Güneyin Sesi Gazetesi- Maraş’ta 19 Aralık 1978’te saatler 21.00’i gösterirken Çiçek Sineması’nda ülkücü gençler tarafından yerleştirilen bombanın patlamasıyla başlayan ve tarihe “Maraş Katliamı” olarak geçen olaylarda resmi kayıtlara göre, 111 kişi yaşamını yitirdi. Bombanın, Ülkücü Gençlik Derneği Maraş Şube Başkanı Mehmet Leblebici ve derneğin ikinci başkanı Mustafa Kanlıdere’nin talimatıyla Ökkeş Kenger adlı ülkücü bir genç tarafından yerleştirildiğine işaret edildi. Olayın ertesi sabahı kalabalık sağcı bir grup ile Türkoğlu ilçesinden gelen bir grup ülkücü, Cumhuriyet Halk Partisi il binasına, PTT ve Tüm Öğretmenler Birleşme ve Dayanışma Derneği (TÖB-DER) binalarına saldırdı.
CENAZE TÖRENİNE SALDIRI
Devam eden saldırılarda 20 Aralık gecesi Alevilerin yaşadığı Yörükselim Mahallesi’nde bir kıraathane bombalandı. Bombalamada, “Gıjgın Dede” olarak bilinen Alevi dedesi hayatını kaybetti. Olayların dönüm noktası ise 21 Aralık’ta TÖB-DER üyesi 2 öğretmenin öldürülmesi oldu. 22 Aralık günü 2 öğretmenin cenazesini taşıyan kalabalığa, ülkücüler “Komünistlerin, Alevilerin cenaze namazı kılınmaz” diyerek saldırdı. Kalabalık dağılıp cenazeler ortada kalırken; polisin müdahale etmediği saldırgan grup kent merkezine yürüyerek, Alevilere ve CHP’lilere ait işyerlerini tahrip etti. O günkü saldırılarda 3 kişi yaşamını yitirdi.
DEVLET MARAŞ’TAN ÇEKİLDİ!
22 Aralık gecesi ülkücülerin, mahallelerde “Solcu Aleviler silahlı saldırı yapacak” propagandası üzerine Sünniler silahlandı. Maraş’ta 23 Aralık günü olaylar, solculara ve Alevilere dönük bir saldırıya dönüştü. Bir gün sonra ilan edilen sokağa çıkma yasağına, sadece polisler uydu! Olaylar her saat daha da tırmansa da valiliğin askeri güç talebi karşılanmadı. Saldırıların polislere karşı da yapılması üzerine, “polis-halk çatışmasını önleme” gerekçesiyle 23 Aralık sabahı kentteki bütün polisler de görevden el çektirildi.
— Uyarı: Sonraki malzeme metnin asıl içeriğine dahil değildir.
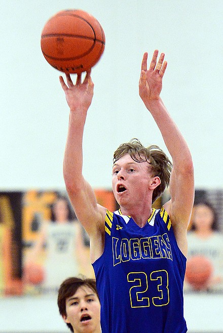 Libby's Ryggs Johnston (23) gets an open look at a three in the first half against Ronan at Whitefish High School on Thursday. (Casey Kreider/Daily Inter Lake)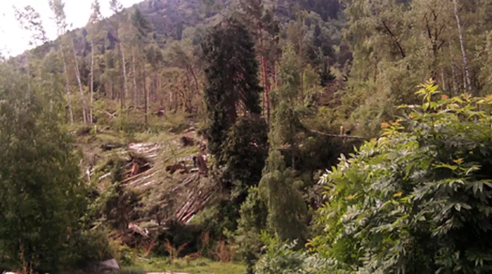 Для расчистки территории Иле-Алатауского государственного природного парка от деревьев, поваленных в результате урагана 17 мая, потребуется минимум два года, передает корреспондент Tengrinews.kz. Об этом на пресс-конференции в Алматы рассказал министр сельского хозяйства Асылжан Мамытбеков. "В истории еще не было такого сильного урагана, никто из работников такого не помнит. Последствия урагана стали совсем непредсказуемыми, в некоторых местах он сопки вообще не задел, а рядом деревья повалены, лежат, как будто расческой причесали. Очень необычная природная ситуация", - отметил министр. Он сообщил, что будет создана специальная межведомственная комиссия, которая учтет финансовые, экологические вопросы, а также вопросы по восстановлению леса и почвы. Уже подписан документ, который разрешает продавать древесину. "Все вырученные деньги пойдут на восстановление леса и на посадку молодых деревьев. Часть будет продана по оптовым ценам, другая реализована другим заинтересованным компаниям. Причем, нужно это сделать как можно скорее, чтобы не пошла эрозия почвы", - заявил Мамытбеков. Вместо поваленных деревьев будут посажены тяньшаньские ели, однако эти хвойные достигнут в высоту 20 метров лишь за 150 лет. Что касается постройки перерабатывающих заводов, о которых говорилось раньше, то, по словам руководства природного парка, их строить не будут, однако будут установлены передвижные пилорамы. Кроме 300 человек, занимающихся расчисткой территории, необходимо еще 160 специалистов. По словам заместителя генерального директора Иле-Алатауского парка Дамира Мальгельдиева, квалифицированных работников, имеющих опыт в лесной отрасли, не хватает.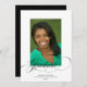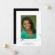 Um anúncio de graduação simples, mas elegante, que inclui uma foto do formando sobreposta com a palavra "formando" em uma escrita cursiva elegante preta, e detalhes de graduação por baixo. O fundo está em branco, e o reverso está em preto.

Tamamıyla devletin el çektiği Maraş’ta 24 Aralık günü sağcılar ve ülkücüler, çevre köy ve ilçelerden çağırdıkları silahlı grupların takviyesiyle Alevi katliamına başladı.
AYRIM YAPMADAN ÖLDÜRDÜLER
“Komünistleri bırakmayın, Allah yoluna kesin, Sütçü İmam aşkına vurun” diye slogan atan sağcı grupların peşine taktığı kalabalıklar, Alevilerin yaşadığı Yörükselim, Yenimahalle, Serintepe, Mağaralı ve Karamaraş mahallelerine saldırdılar. Bu mahallelerde evler tarandı, bombalanıp kundaklandı. Olaylar esnasında ölülerin taşınması, yaralıların hastanelere götürülmesi engellenirken, hastaneler kuşatıldı. Sağcı gruplar insanları kadın, çocuk, hamile, yaşlı, hasta, yaralı ayrımı yapmadan öldürdü. Alevi mahallelerinin yanı sıra Sünni mahallelerinde de önceden işaretlenmiş Alevi evleri kundaklandı.
DEVLET GÖZ YUMDU
Saldırılar esnasında sağcı grupların attığı “Hükümetiniz gelsin sizi kurtarsın”, “Bizim liderimiz içimizde, sizinki nerede, Ecevit gelsin sizi kurtarsın”, “Türkeş burada, Ecevit nerede”, “Git Karaoğlan’ınızı çağır gelsin size yardım etsin, bizim Türkeş’imiz yanımızda”, “Vali, İçişleri Bakanı Maraş’ı terk etsin” sloganları saldırıların organizeli ve planlı olduğunu gösteriyordu.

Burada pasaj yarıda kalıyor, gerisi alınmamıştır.